= Collaro =

Collaro was the name of a major early British manufacturer of gramophones, record players, and tape decks, throughout the early years of sound reproduction.

Collaro Ltd was founded in 1920 by Christopher Collaro at 23 Garway Road, London, and became a private company in 1924. The company moved to the Culmore Works, Culmore Road, Peckham, London in 1926.

During World War II the company was engaged in munitions work and temporarily relocated to the Valley Works, Langley Mill, Derbyshire when its London factory was bombed.

In 1948 the company moved to the Ripple Works, By-Pass Road, Barking, Essex.

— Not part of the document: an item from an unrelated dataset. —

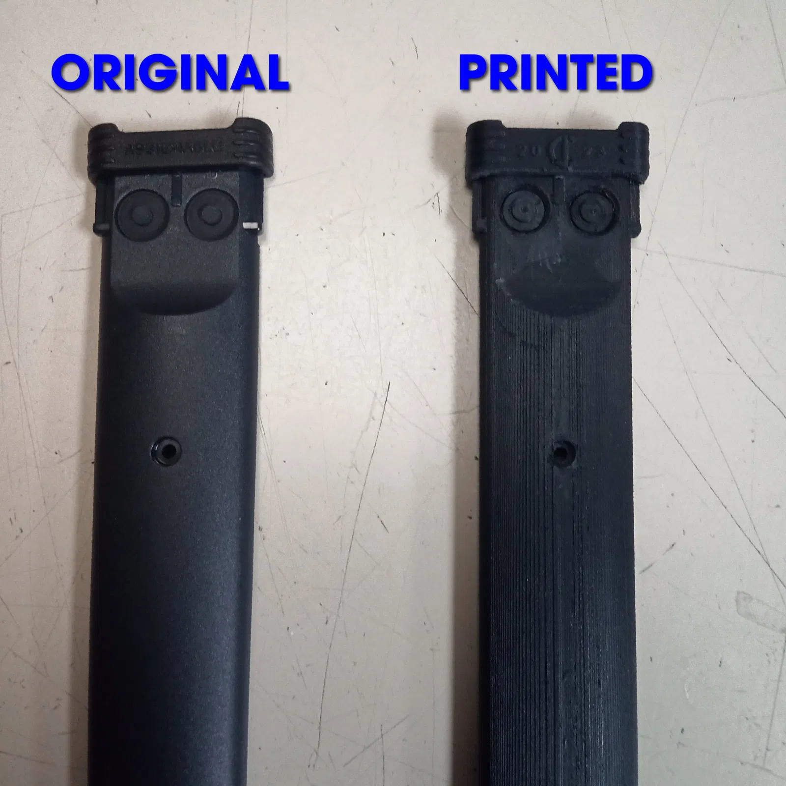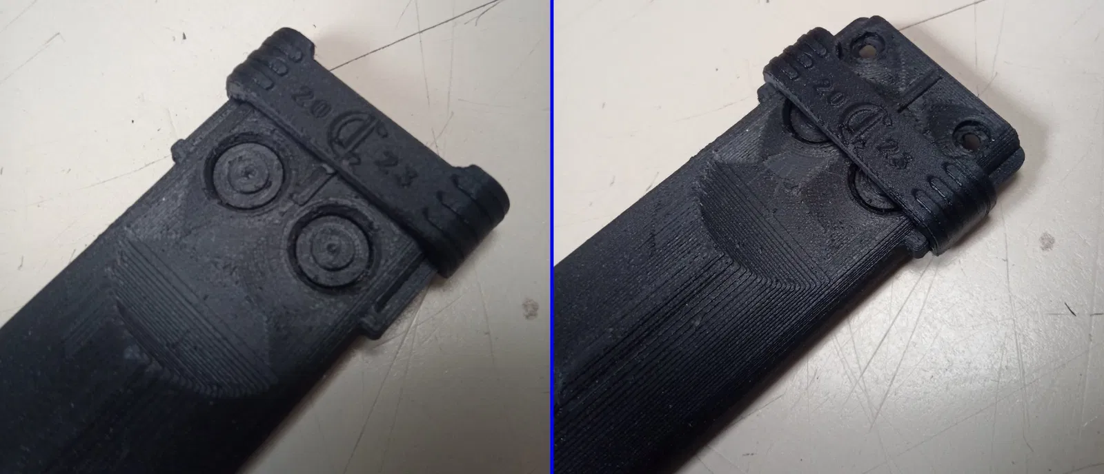 Bộ phận gốc có một chút cong mà không thể dễ dàng tái tạo trên máy in 3D. Phiên bản thay thế này in phẳng, nhưng vẫn sẽ vừa khít với một chút uốn cong. Khi nó được vặn chặt xuống, sự khác biệt là không thể nhận thấy.

In 1961 it was described as the largest manufacturers of record changers in the United Kingdom, and also manufactured fan heaters. In 1960 it was reported in US publication 'Billboard' that the President of the American Magnavox corporation, Frank Freimann had announced the 'acquisition' of Collaro, along with managing director of Collaro, Isaac Wolfson. However, he is also reported as noting that "the linking of the two firms carries not only product but distribution ramifications," which suggests some sort of cooperative alliance with acquisition of selling rights rather than a total 'buy-out'. Isaac Wolfson, a major British industrialist, was at the time also the head of Great Universal Stores, a large chain of retail outlets throughout Britain, Continental Europe, and the British Empire, suggesting perhaps that an earlier link-up took place between Wolfson and the originators of Collaro. The record decks comprised the mechanical unit incorporating a turntable and pickup, without electronics, and were built into many manufactured and home-constructed record players of the time. Magnavox were acquired by Philips in 1974.

The Collaro Transcriptor, and Collaro Studio were tape decks (mechanisms without associated electronics) that were incorporated into many home tape recorders at the time. Unlike some other makes of deck, they accommodated 7-inch tape reels, rather than 5.75-inch, giving longer playing time, and had three speeds selectable up to 7.5 inches/second.